Giving Compass' Take:

• In her new memoir, Make Trouble: Standing Up, Speaking Out, and Finding the Courage to Lead, president of Planned Parenthood Federation of America Cecile Richards shares her story of fighting for reproductive rights and calls for women to continue her work.

• How can philanthropy support strong protections for women's reproductive rights? How can women's healthcare progress beyond reproductive healthcare? 

• Learn why maternal mortality is increasing as infant mortality decreases in the U.S.


Though she is now president of Planned Parenthood Federation of America, Cecile Richards’s leadership and activism, organizing and civil disobedience in the name of social justice, spans virtually her entire life.

As head of what is perhaps the most visible symbol of feminism in this country, Richards routinely faces down attacks from anti-abortion and far-right foes and has fended off repeated efforts to defund and derail the women’s health care organization.

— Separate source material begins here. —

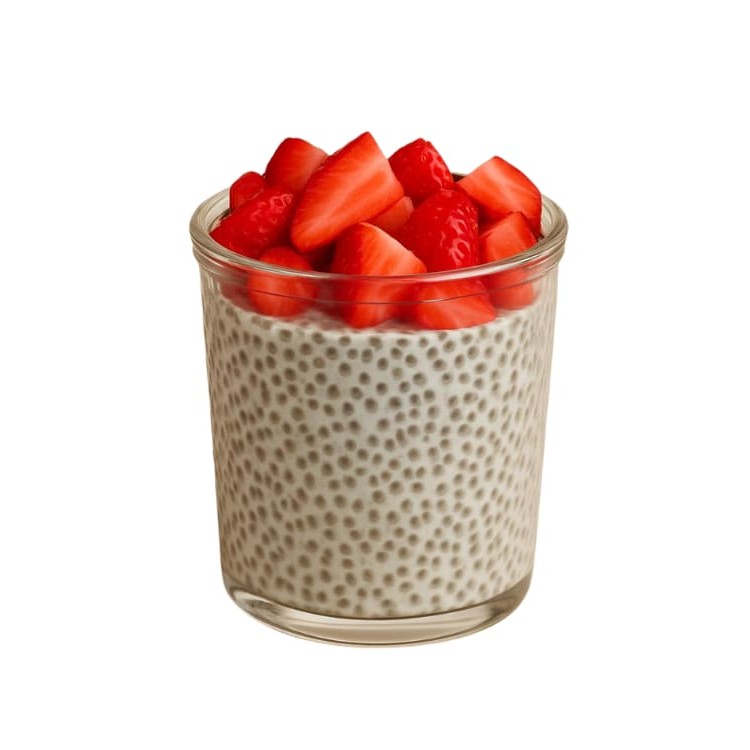 Semente de chia hidratada com leite de amêndoas de baunilha e montada com os toppings de sua preferência. Uma sobremesa leve, nutritiva e cheia de sabor, perfeita para fechar a refeição de forma saudável e refrescante.

Perhaps no single episode has raised her public profile as much as the five-hour grilling she endured by Republican male members of the House Oversight and Government Reform Committee in 2015.

“Here’s what I learned sitting in front of that committee,” Richards writes in her book, Make Trouble: Standing Up, Speaking Out, and Finding the Courage to Lead. “Focus on the people who are counting on you, not the ones who are trying to drag you down.”

Now, as she prepares to leave Planned Parenthood after 12 years, her sentiments about never-ending trouble seem inarguable. Uncertainty hangs over women’s rights issues in this country, from reproductive health to the gender pay gap.

Richards believes that now, more than ever, women are the most important political force in America. “We have enormous power to change the direction of this country, and it’s time to use it.”